I don't know about apples in Vancouver, but Salt Spring Island apples are out now (end of April) with the Avium sweet cherries, and since hardly any of my friends could tell me which was which, I'm posting this for comparison. The sweet cherries have quite small pure white blossoms lining the stems, so many of the trees seem to have fat white arms sticking out all over. The apple blossoms are more randomly arranged on the tree, and they're larger than cherry blossoms, tinged with pink, with open little circles forming a star in the centre. If the trunks are not totally covered with lichen, you can see that the cherry bark is horizontally striped and the apple bark is not. Denis Laplante took the photos for me.

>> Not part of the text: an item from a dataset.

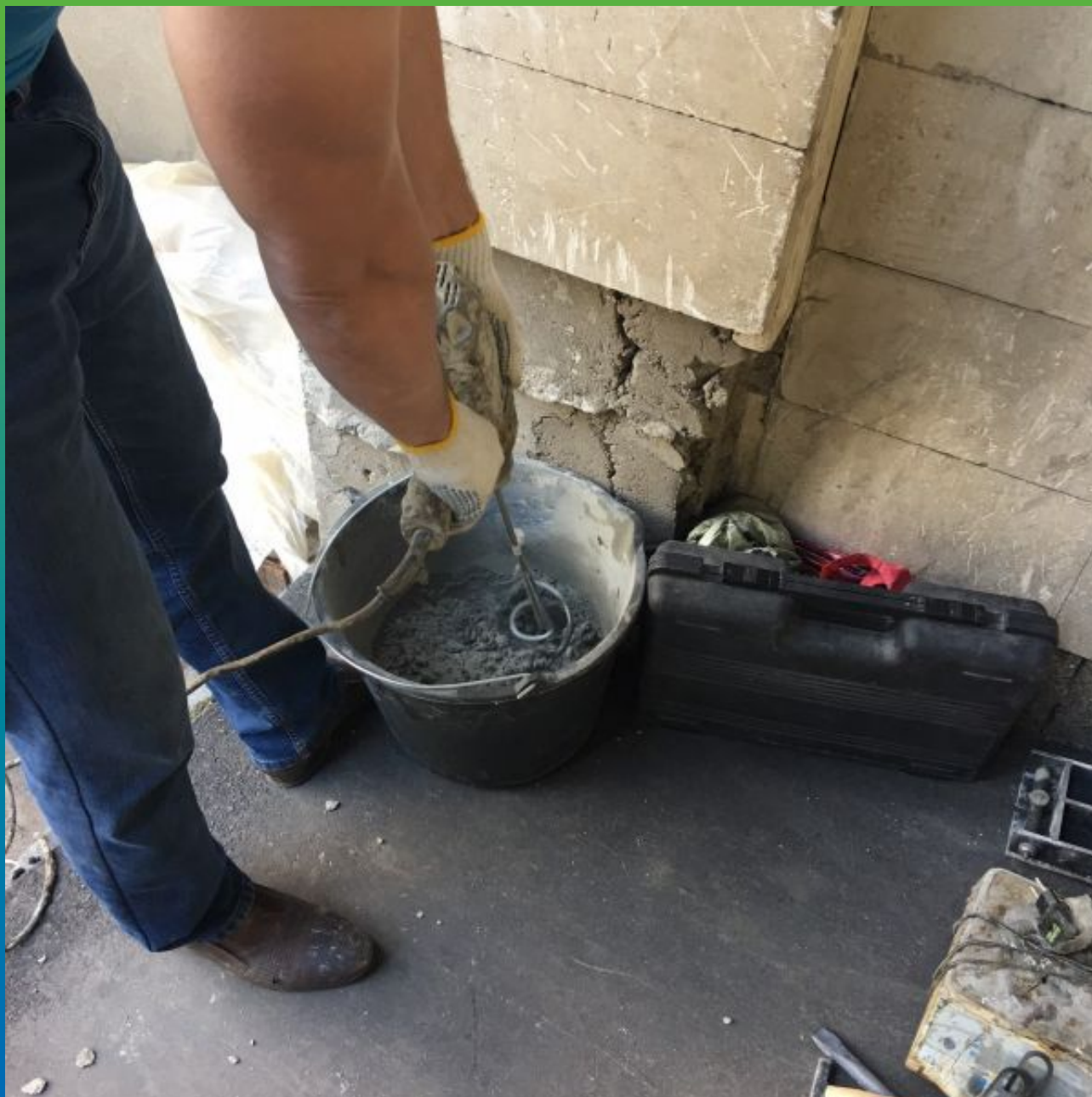
Приготовление ремонтного состава из Стармекс РМЗ

Looks like an orchard apple. If, in fact a named cultivar may be able to find out by taking at least 6 fruits to an expert for possible identification (there are a galaxy of kinds of apple trees but some are locally common and distinctive). Last year a local fruit show was mentioned on this site, if like the ones they have down here there will be an identification table set up, with volunteers attempting to tell people what they have or have found.
Please, nobody identify this apple on this forum. The posting was just to show some general apple characteristics that are not cherry characteristics.
You needn't worry about apple identifications from images of these flowers. Unlike Sato-zakura, orchard apples are pretty much alike in flower. Selection and breeding in apples has been generally all about fruit. Not so in crabapples, of course, many of which have been selected and bred for both flowers and fruit. However, if you are interested in apple cultivars, the BC Fruit Testers Association mounts an incredible display of apple cultivars and helps out with identifications at the (fabulous) UBC Botanical Garden Apple Festival, which is on October 13 and 14 this year (2007).
The 2008 UBC Botanical Garden Apple Festival is October 18-19 (posted so that last year's date in a previous posting doesn't mislead anyone).